Instantly share code, notes, and snippets.

@petrelharp
Created March 22, 2023 15:45
Show Gist options
  • Save petrelharp/86a18309edfd4004cb1f79129e585752 to your computer and use it in GitHub Desktop.
Save petrelharp/86a18309edfd4004cb1f79129e585752 to your computer and use it in GitHub Desktop.
python implementation of R's "pretty" breaks for histograms
import numpy as np
def pretty(x, n):
"""
Returns a "pretty" set of bin boundaries roughly of size n
that span x.
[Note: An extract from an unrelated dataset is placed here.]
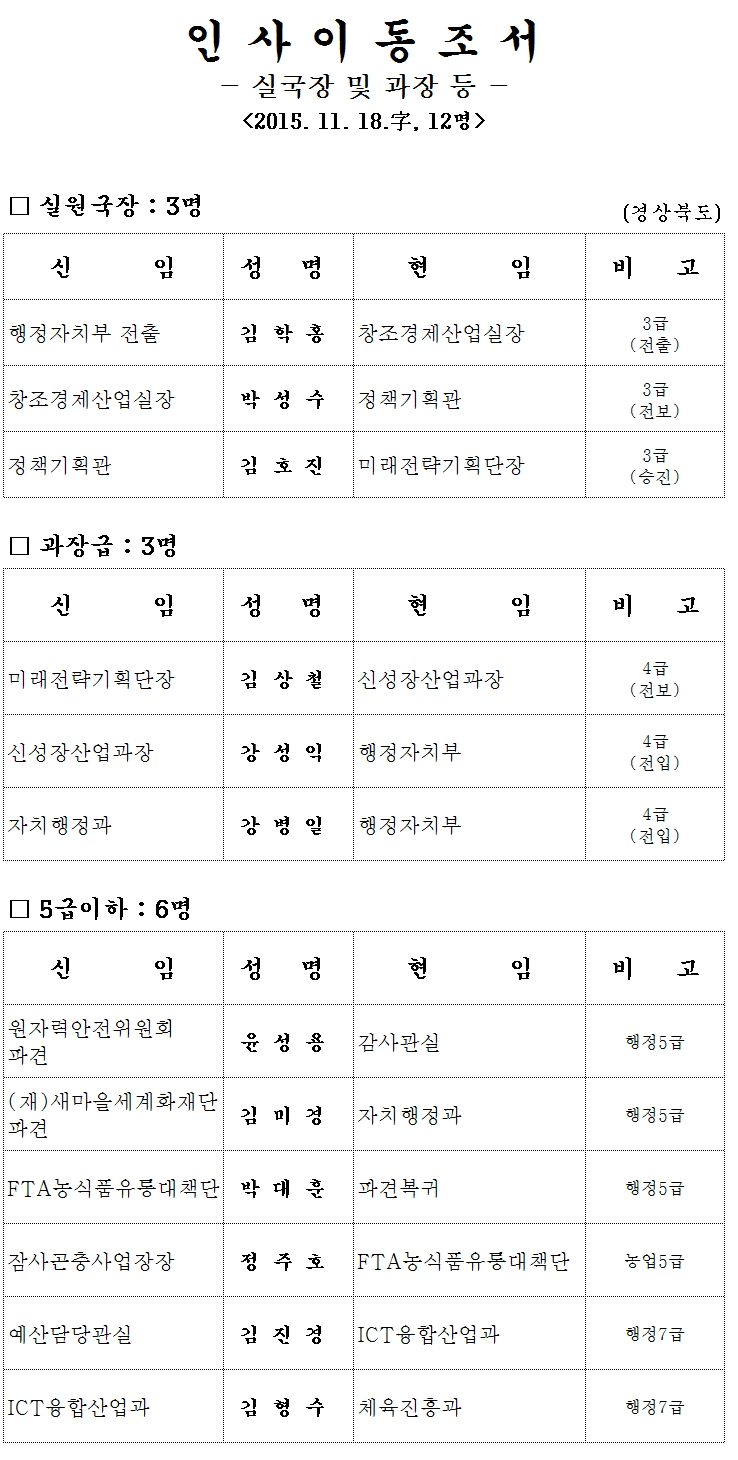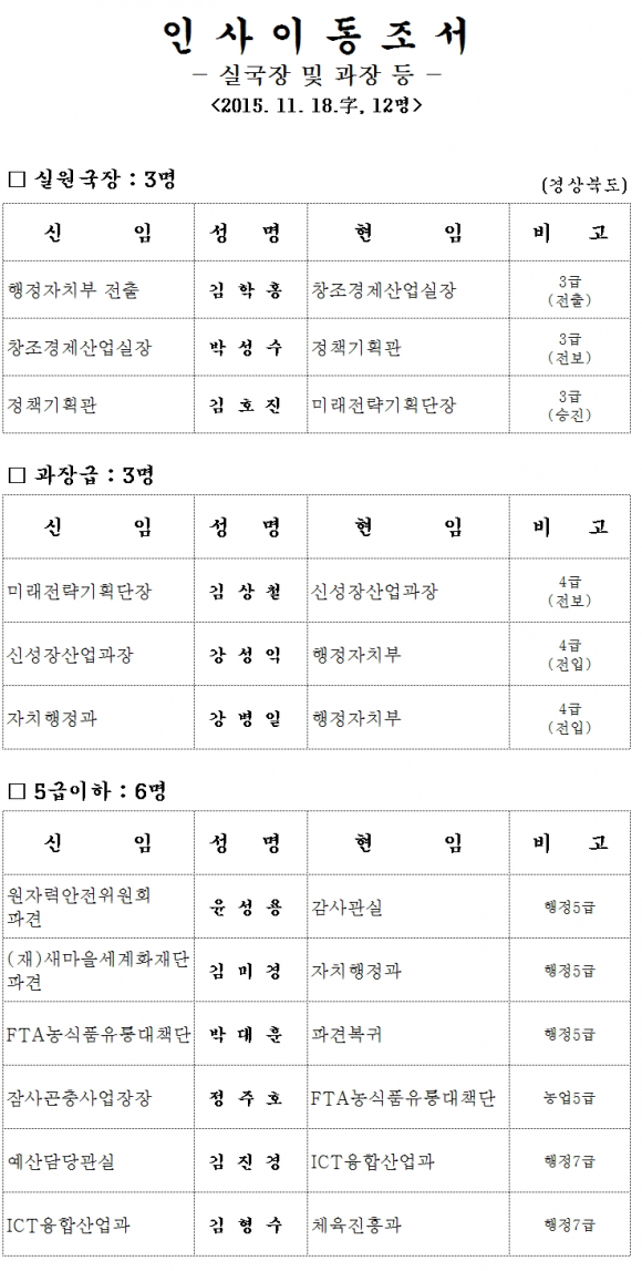 경북도(도지사 김관용)는 11월 17일자로 인사이동을 단행했다. |
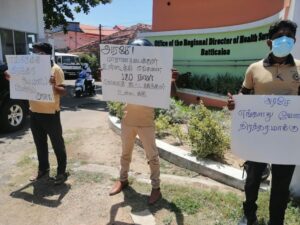 குறித்த ஆர்ப்பாட்டம் மட்டக்களப்பு மாவட்ட பிராந்திய சுகாதார சேவைகள் பணிப்பாளர் அலுவலகத்திற்கு முன்பாக மேற்கொள்ளப்பட்டு வருகிறது.

Use, for instance, like:
plt.hist(x, bins=pretty(x, 40))
"""
# see https://github.com/wch/r-source/blob/trunk/src/appl/pretty.c
# NOTE: still suffers from rounding error, so produces values like 10.000001 sometimes
h = 1.5
h5 = .5 + 1.5 * h
lo = np.nanmin(x)
up = np.nanmax(x)
assert lo < up, "All values are the same."
c = (up - lo) / n
b = 10 ** np.floor(np.log10(c))
m = [1, (2+h)/(1+h), (5+2*h5)/(1+h5), (10+5*h)/(1+h), 10]
k = np.digitize(c/b, m)
u = b * [1, 2, 5, 10][k - 1]
ns = np.floor(lo / u + 1e-10)
nu = np.ceil(up / u - 1e-10)
return np.arange(ns * u, (nu + 1) * u, u)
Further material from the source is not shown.